Superconductivity induced by gate-driven hydrogen intercalation in the charge-density-wave compound 1T-TiSe2
Erik Piatti, Giacomo Prando, Martina Meinero, Cesare Tresca, M. Putti, Stefano Roddaro, G. Lamura, T. Shiroka, P. Carretta, G. Profeta, D. Daghero, R. S. Gonnelli
Abstract
Abstract Hydrogen (H) plays a key role in the near-to-room temperature superconductivity of hydrides at megabar pressures. This suggests that H doping could have similar effects on the electronic and phononic spectra of materials at ambient pressure as well. Here, we demonstrate the non-volatile control of the electronic ground state of titanium diselenide (1 T -TiSe 2 ) via ionic liquid gating-driven H intercalation. This protonation induces a superconducting phase, observed together with a charge-density wave through most of the phase diagram, with nearly doping-independent transition temperatures. The H-induced superconducting phase is possibly gapless-like and multi-band in nature, in contrast with those induced in TiSe 2 via copper, lithium, and electrostatic doping.

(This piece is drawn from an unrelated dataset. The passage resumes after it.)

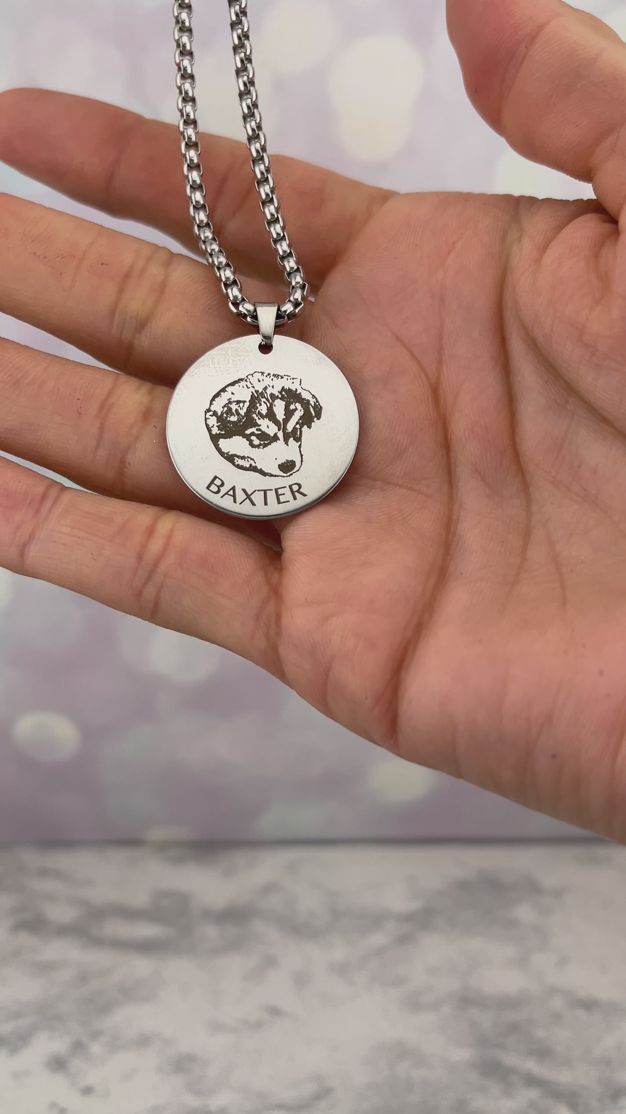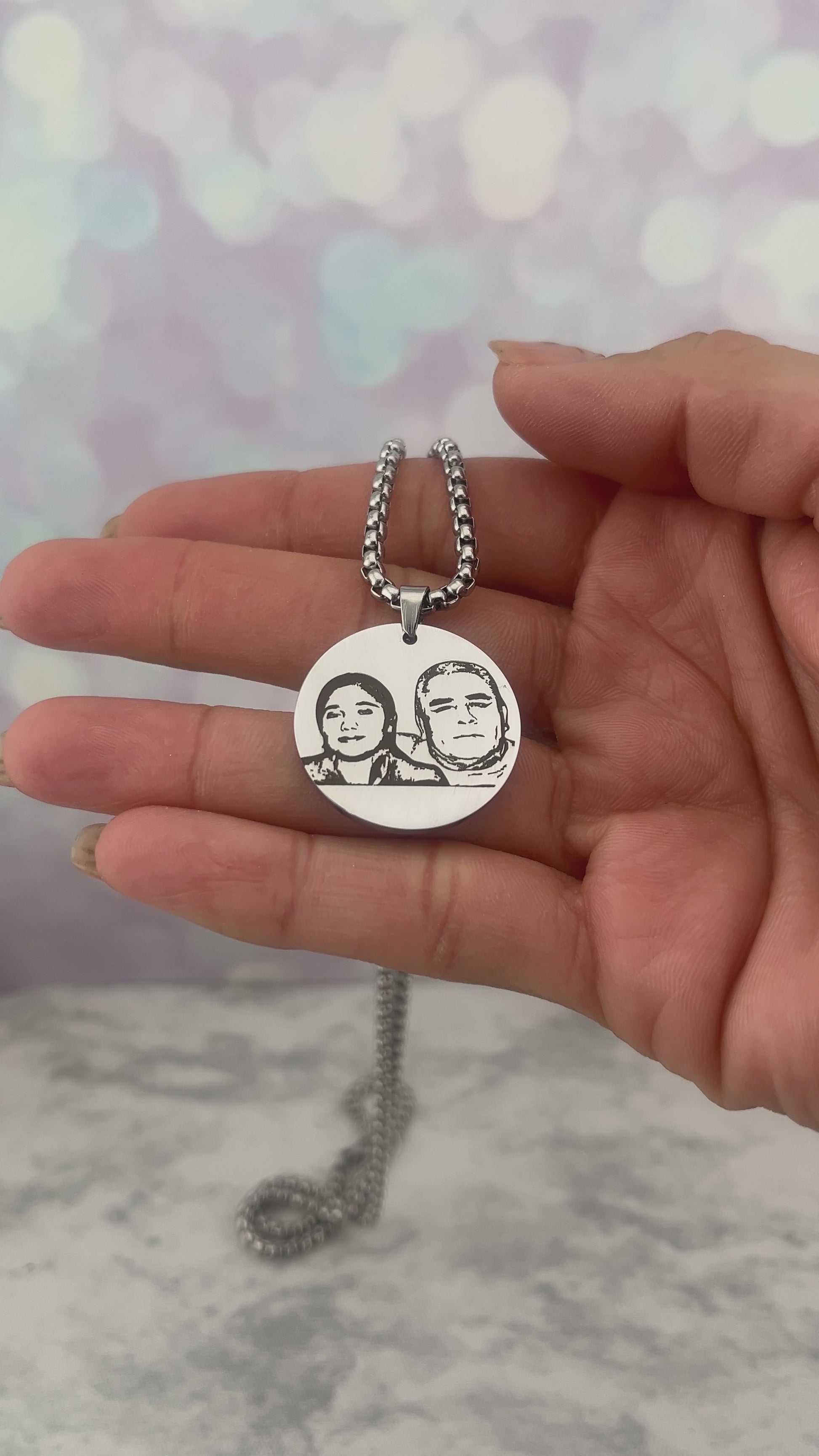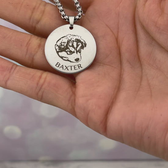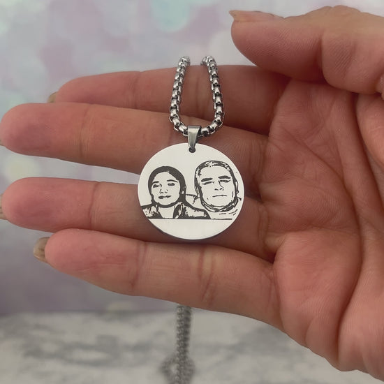 Collar de acero inoxidable unisex con dije redondo de ø 25 mm. La foto de un lado y lo que quieras del otro lado.

This unique behavior is supported by ab initio calculations showing that high concentrations of H dopants induce a full reconstruction of the bandstructure, although with little coupling between electrons and high-frequency H phonons. Our findings provide a promising approach for engineering the ground state of transition metal dichalcogenides and other layered materials via gate-controlled protonation.